┌─ SUPPLIED MATERIAL
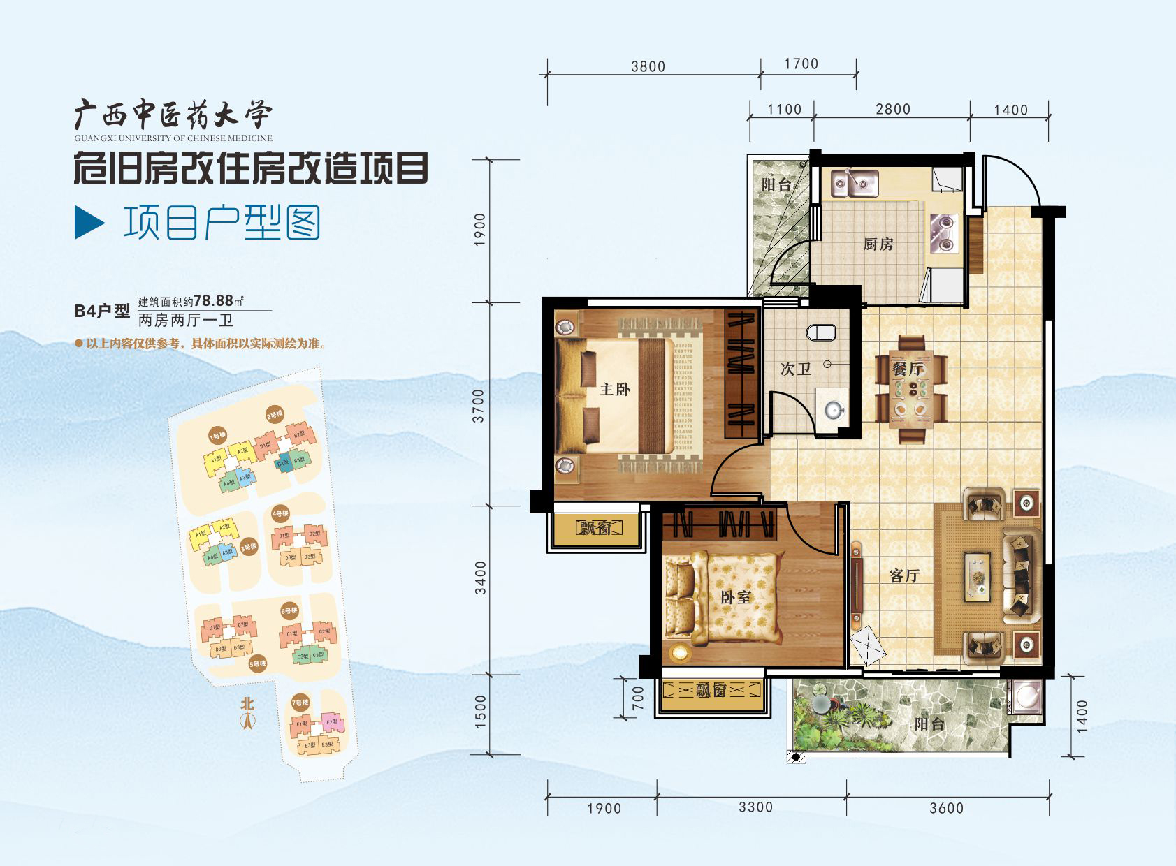 两房两厅一卫(约78.88㎡):2号楼(B4户型)
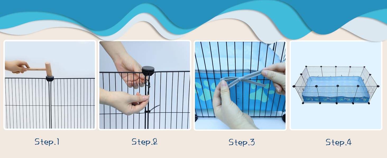 Pet playpen is simple to assemble, MUST ensure that each grid is securely attached to the interior of the connector. C&C cages are customizable, allowing you to increase the living space for your guinea pigs by adding more grids.
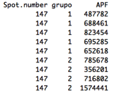 gel <- data.frame(Spot.number, grupo, APF)
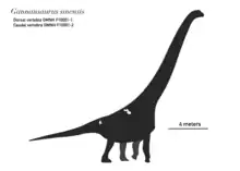 Gannansaurus (meaning "Gannan lizard") is an extinct genus of somphospondylan sauropod dinosaur known from the latest Cretaceous Nanxiong Formation of Ganzhou Basin, Jiangxi Province of southern China. It is known from specimen GMNH F10001 which consists of a single, nearly complete dorsal vertebra and a mid-caudal vertebra. Gannansaurus was first named by Lü Junchang, Yi Laiping, Zhong Hui and Wei Xuefang in 2013 and the type species is Gannansaurus sinensis. Gannansaurus shares some characters with Euhelopus, indicating that it is more closely related to it rather than to other titanosauriforms.[1]
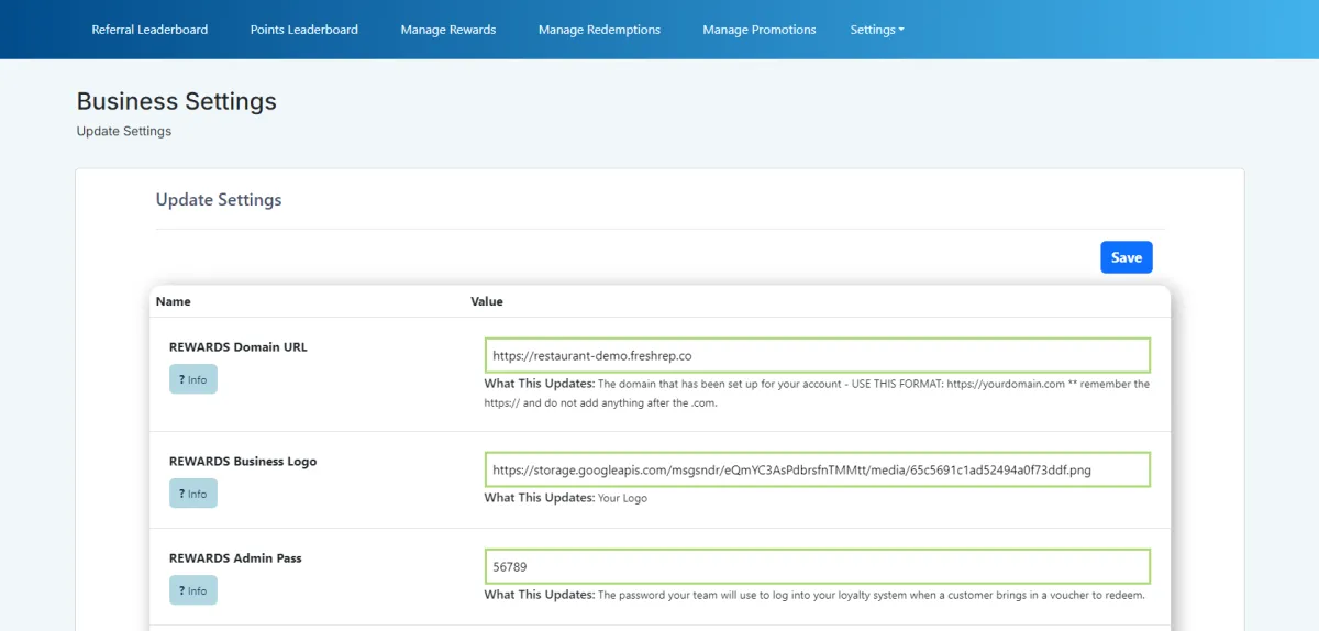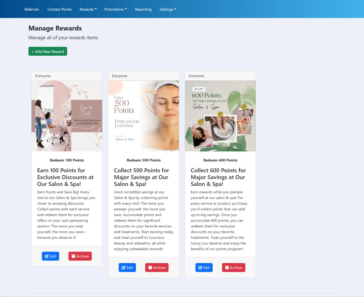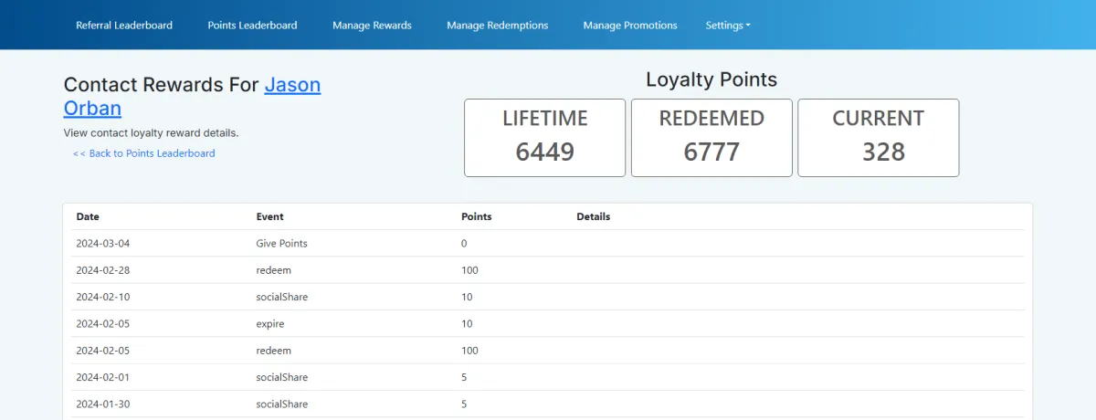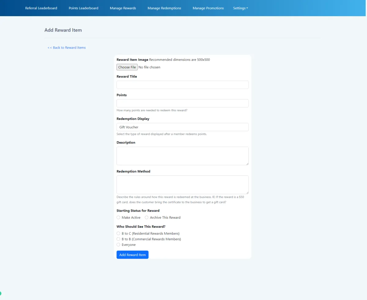 Add rewards, set points values for redemptions, and when your customer has enough points saved up they can redeem these rewards, and print off a voucher they can bring in to receive their item.
└─
### INSTRUCTIONS TO FOLLOW
Give the records above again in full and exactly, but exclude every picture.

### YOUR RESPONSE
 两房两厅一卫(约78.88㎡):2号楼(B4户型)
 Pet playpen is simple to assemble, MUST ensure that each grid is securely attached to the interior of the connector. C&C cages are customizable, allowing you to increase the living space for your guinea pigs by adding more grids.
 gel <- data.frame(Spot.number, grupo, APF)
 Gannansaurus (meaning "Gannan lizard") is an extinct genus of somphospondylan sauropod dinosaur known from the latest Cretaceous Nanxiong Formation of Ganzhou Basin, Jiangxi Province of southern China. It is known from specimen GMNH F10001 which consists of a single, nearly complete dorsal vertebra and a mid-caudal vertebra. Gannansaurus was first named by Lü Junchang, Yi Laiping, Zhong Hui and Wei Xuefang in 2013 and the type species is Gannansaurus sinensis. Gannansaurus shares some characters with Euhelopus, indicating that it is more closely related to it rather than to other titanosauriforms.[1]
 Add rewards, set points values for redemptions, and when your customer has enough points saved up they can redeem these rewards, and print off a voucher they can bring in to receive their item.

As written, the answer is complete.